L'intelligence la seconde, qui l'épure et en ordonne le champ. L'habitude en assouplit l'usage… Outre qu'elle est toute-puissante dans l'art, l'imagination favorise aussi l'essor des sciences abstraites comme celui des sciences de la nature. Elle manie l'hypothèse, comme l'expérience. Elle est la mère des plus délicates ­comme des pires inventions. Elle est, avec l'art, sur le chemin des préhensions sensibles qui élargissent et tonifient nos connaissances. Elle vient en aide, dans la vie, aux bâtisseurs d'utopie, ces réalités de demain. Car elle est, au premier chef, la faculté de l'idéal… Le savoir véritable en restreint les dangers, en discipline les écarts, met un frein de vérité à ses vagabondages erronés. « Moins l'esprit comprend, dit Spinoza, plus grande est la faculté qu'il a de feindre ; et plus il comprend, plus cette faculté diminue ». L'imagination demeure, pour l'homme sain, le vaste monde inexploré, la zone sans borne des jouissances affinées. Elle est, pour l'homme enchaîné, la région où l'acharnement même des bourreaux ne peut se saisir de sa liberté. Jusqu'au sein des prisons l'homme, dans la vie imaginative, trouve le refuge suprême qui souvent lui conserve la vie... Et pourtant, si nous lui devons « la parole ailée », l'imagination a servi la découverte de ces horreurs destructives que sont les « gaz asphyxiants », triomphe des hécatombes prochaines. Et cependant, quand nous nous penchons sur l'environ résigné et que nous voyons, prostrés en cohortes innombrables, les malheureux dont les religions, les politiques ont, comme disait Fournière, « chloroformé leur douleur de vivre » par la promesse de demains apaisants et d'au-delà compensateurs, nous ne pouvons nous empêcher de penser que si elles n'avaient pu, - ces victimes - , par l'illusion imaginative, s'échapper parfois de la souffrance et de la médiocrité où elles languissent, elles en auraient depuis longtemps tari les causes.
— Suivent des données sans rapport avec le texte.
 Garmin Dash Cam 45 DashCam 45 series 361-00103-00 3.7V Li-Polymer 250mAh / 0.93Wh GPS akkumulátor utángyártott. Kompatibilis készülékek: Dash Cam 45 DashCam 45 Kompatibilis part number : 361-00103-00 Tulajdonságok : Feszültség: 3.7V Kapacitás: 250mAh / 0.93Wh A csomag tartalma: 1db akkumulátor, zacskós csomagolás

Et la révolte elle-même, leur salut pourtant, n'aurait plus d'objet...



- S. M. S.



OUVRAGES A CONSULTER : - H. Spencer : Psychologie. -Th. Ribot : L'Imagination créatrice. – Bain : Les Sens ct l'Intelligence. – Rabier : Philosophie. - G. Séailles : Le Génie dans l'Art. -Taine : L'Idéal dans l'Art. ­-Wundt : Psychologie Physiologique. - Boirac : Philosophie. - Guyau : Esthétique. – P. Janet: L'Automatisme psycho. - Luys : Le Cerveau et ses fonctions. J. Sully : Les Illusions des Sens et de l'Esprit, etc.